The story is built around this difficult developing gay male love affair, but it’s not a “gay” film in the militant sense. The two men’s relationship is far more than about sex, and they spend most of their time alone together, repairing a dry stone wall or involved in animal husbandry for days at a time, sleeping in sleeping bags in a remote shed, living on nothing but Pot Noodles and cans of beer, their conversations punctuated by long, long silences that makes it feel very, very real.
They are free to do whatever it is they want to do, with no disapproving eyes on them. The problem is not “society”. (Indeed, Gheorghe is the one who’s not welcome at the pub because of his ethnicity. At least Johnny is “from round these parts” – his transgressions are hidden from the eyes of bar-stool bigots.) Before Gheorghe’s arrival – his “welcome” is almost comically bluff, as Johnny shows him his shitty caravan and slams the door shut – Johnny is already at a crossroads about his future and his family, and dealing with it by self-medicating. The unexpected promise of a loving same-sex relationship is clearly more than he can deal with, emotionally.
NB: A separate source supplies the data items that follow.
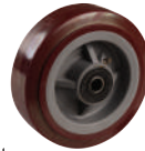
PU on PP Core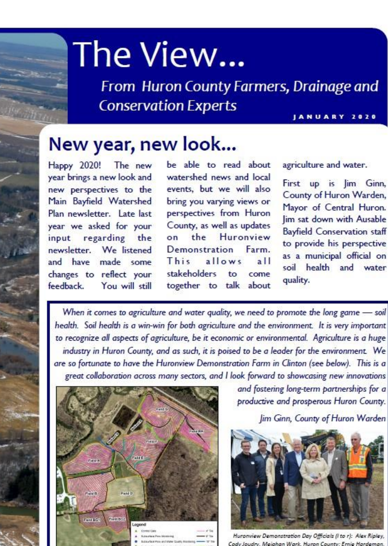
Figure 2 – an example of The View, a newsletter featuring different agricultural perspectives.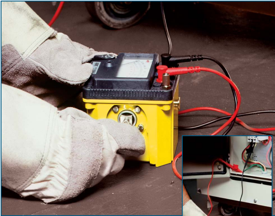
Model 1250N performing a hand-cranked 1000V test on a generator.

The AEMC® Models 1210N and 1250N are compact, self-contained, hand-cranked True Megohmmeters®. These practical and dependable instruments are designed for a broad range of plant and field service applications, such as acceptance testing and preventive maintenance of wiring, cables, switchgear and motors. The easy hand-cranked operation provides a steady, DC voltage output across the entire range for consistently reliable readings. In addition to insulation resistance testing at 500V, the Model 1210N also permits resistance testing to 500kΩ and continuity testing to 100Ω. The 600V test voltage range is to perform safety checks to confirm that the sample is fully discharged and not connected to an energized circuit. The Model 1250N has three test voltages for insulation resistance testing: 250V, 500V and 1000V. Test voltages are generated in full across the entire measurement range.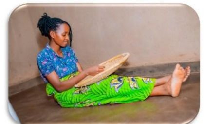
Facilitating handcrafts and enterprise business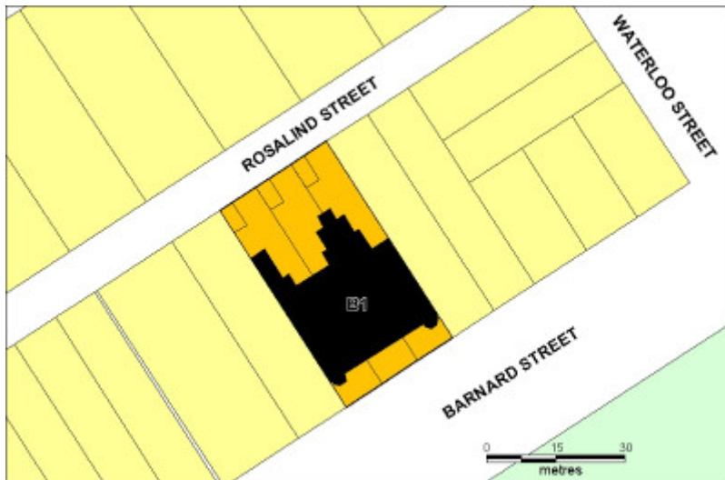
park terrace bendigo plan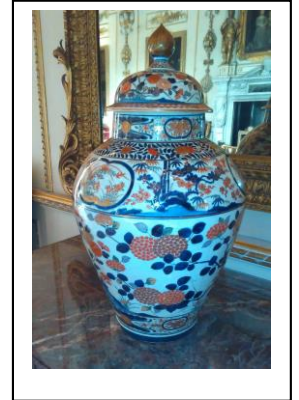
One of the vases before treatment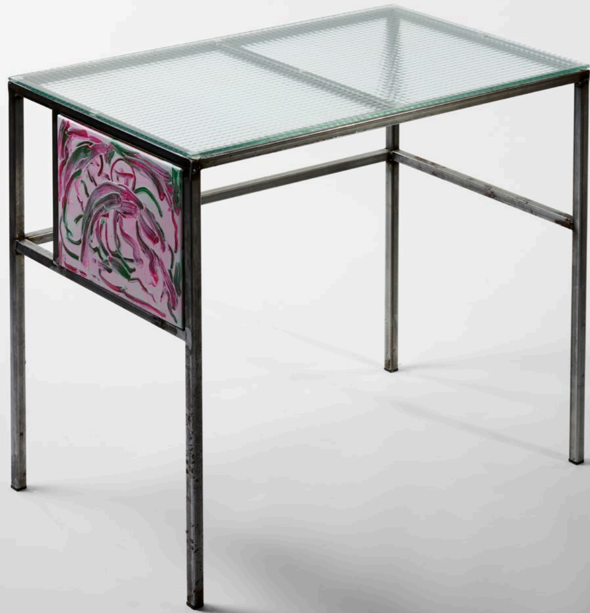
SMALL DESK (MULTICOLOUR MM LOGO) 86x51x73 CM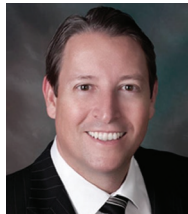
Sen. Bill Galvano (R-Bradenton)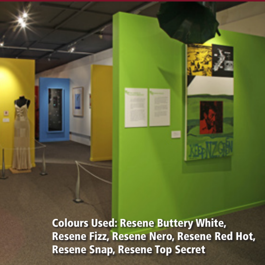
Colours Used: Resene Buttery White, Resene Fizz, Resene Nero, Resene Red Hot, Resene Snap, Resene Top Secret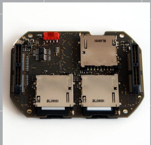
develogic OBS.Vault Storage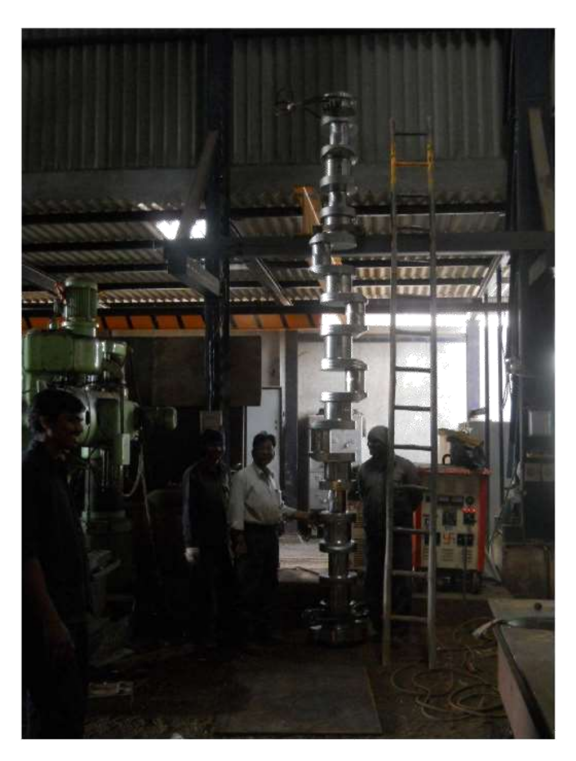
COUNTERWEIGHT WELDING ON LOCOMOTIVE CRANKSHAFT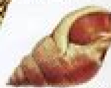
Channeled Nassa (CA)

Scaphella junonia johnstoni To 3 in. (7.5 cm) Deep water Gulf Coast shell only reaches up on shore after severe storms. Alabama's state shell.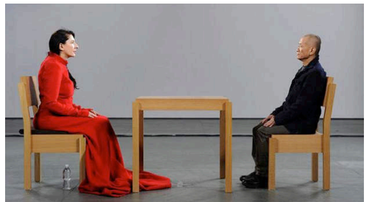
The Artist Is Present Marina Abramovic 2010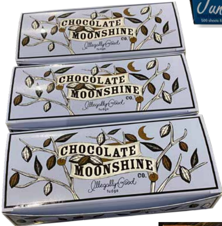
Auto-Fold Fudge Gift Boxes One Pound Available to ship in 50 / 100 / 200 Quantities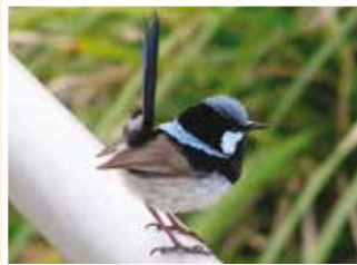
47. Superb Fairywren (14cm) Frequents tall grass, shrubs and thick etc. Females and young brown.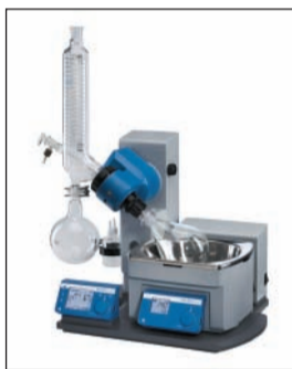
Figure 1: The RV 10 control tops off the RV 10 range from IKA, which comprises three rotary evaporators.

Until now, automatic distillation systems have predominantly been controlled by an automatic pump stand using differential pressure measurements. The new IKA system works on a different principle. Included in the RV 10 control is an infrared interface for bi-directional data transfer between the heating bath and the drive unit. This means that the heating bath can be moved to a safe position directly by the drive unit if a fault is detected. IKA has also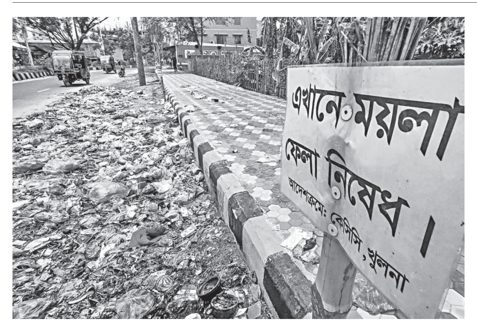
Despite a sign which reads, "Garbage dumping not allowed", waste accumulates unabated on the road just outside Khulna Medical College. This glaring disregard for cleanliness poses health hazards and underscores the urgent need for proper waste management solutions. This picture was taken from Sonadanga-Notun Rasta Road yesterday.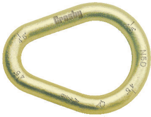
A-341 Alloy Pear Shaped Links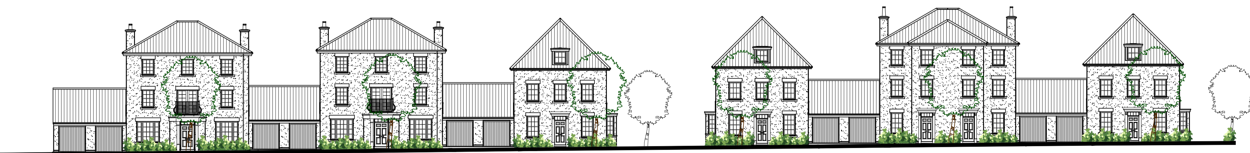
PLOT 273 PLOT 274 PLOT 275 PLOT 276 PLOT 277 PLOT 278 PLOT 279 STREET SCENE 2 - VILLAGE GREEN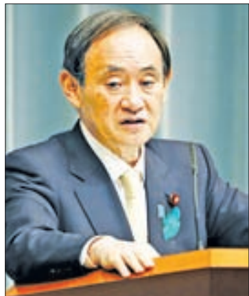
Japanese Chief Cabinet Secretary Yoshihide Suga says at a press conference in Tokyo on 20 April, 2016 that repeated earthquakes centering on Kumamoto and Oita prefectures do not warrant a delay in the planned increase in the consumption tax in April 2017.

TOKYO — Japan's top government spokesman on Wednesday refused to confirm or deny a report from an Australian news outlet which claimed the Australian government has eliminated Japan from the bidding process for the construction of a fleet of navy submarines.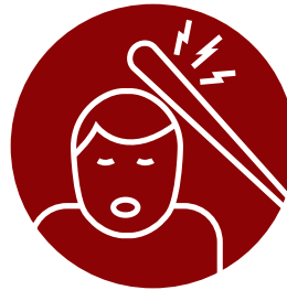
Struck by object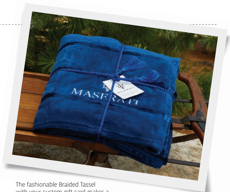
The fashionable Braided Tassel with your custom gift card makes a stylish presentation (page 51).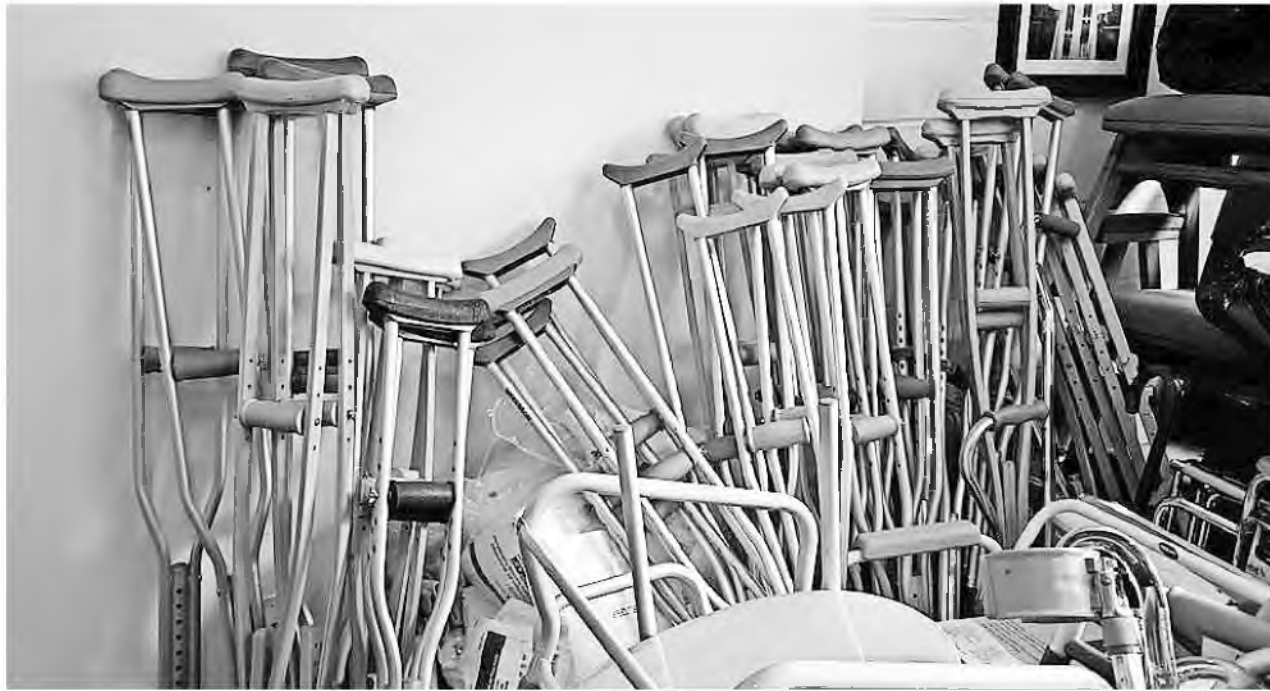
St. George's Episcopal Church in Milford is sponsoring a medical equipment drive through Aug. 15.

The Northville Summer Friday Night Concert Series - presented by Tom Holzer Ford - brings the music of some of the finest local musicians to downtown Northville's outdoor stage in Town Square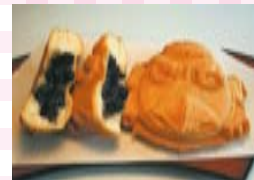
Tenguyaki (crispy pastry with black bean paste)

The information about restaurants and souvenir shops are on the map.

The dreaded yet ever-enticing figure of the foreign guest ends up exposing what Johnny had been working so hard to keep bottled up, and it all oozes out in the most maladroit of ways. Writer-director Lee vividly captures the gracelessness with which long-buried feelings rise to the surface when, in a secluded part of the Yorkshire countryside, Johnny approaches Gheorghe like a predator. The sex between them begins as a fight—deadlocked by desire, shame, and Johnny’s complete illiteracy in matters of the heart. How to untangle a knot if roughness is all one knows? They push each other to the ground, rolling on the dirt and huffing like animals. Nobody says a word.
There are vast lacunas in the plot, filled with the unblinking performance of Josh O’Connor, made more memorable because most of it is done without words. Everyone else revolves around him, but he remains essentially a hole at the centre of the doughnut. It is a characterisation of great depth, and God’s Own Country is a strange, inexplicably compelling story, and one so moving because at its elliptical heart, Lee manages to paint a multi-dimensional portrait of Johnny and his family dynamics—one that feels at once incredibly British and uncannily familiar.
This is a film about masculinity as an impossible and necessarily toxic project. Lee captures not only what masculinity does and how it comes undone, but the complex apparatus that keeps it into place: the family’s surveillance, the silence, the shame. But guess what? This one doesn’t have a horrible outcome. There is no all too familiar trope of “gays must be seen to suffer” and be denied a happy ending.
Ultimately God’s Own Country might well be a film for Brexit, whether intended or otherwise. It’s certainly Gheorghe, the Romanian, who saves the rejected lamb from being culled using techniques he has brought with him to this country. Farming today, eh?
BONUS: For what it’s worth, off the top of my head there are quite a few other movies that made an impact on me in the last few years. As it’s the last day of the year and the decade here they are, in pointless list form. See if you can guess which one of the folIowing actually had a small walk-on part in…
A Quiet Place
Can You Ever Forgive Me?
Call Me By Your Name
Rise Of The Planet of the Apes
The Love Witch
Springsteen On Broadway
X Men: First Class
A Star Is Born
The Iron Lady
Inside Llewyn Davis
Please do share your own. Nobody’s opinion counts for more than anybody else’s. (Oh, and by the way, of course I included The Iron Lady, which, despite Streep’s Oscar-winning portrayal, is probably only a three-star film, but this is my list, it is the list that is mine, and what it is, too.
Oh, so did you guess correctly?
I was, among others, The Man From UNCLE, Captain America and X Men: First Class, though perhaps not in the way I would have liked. Damn.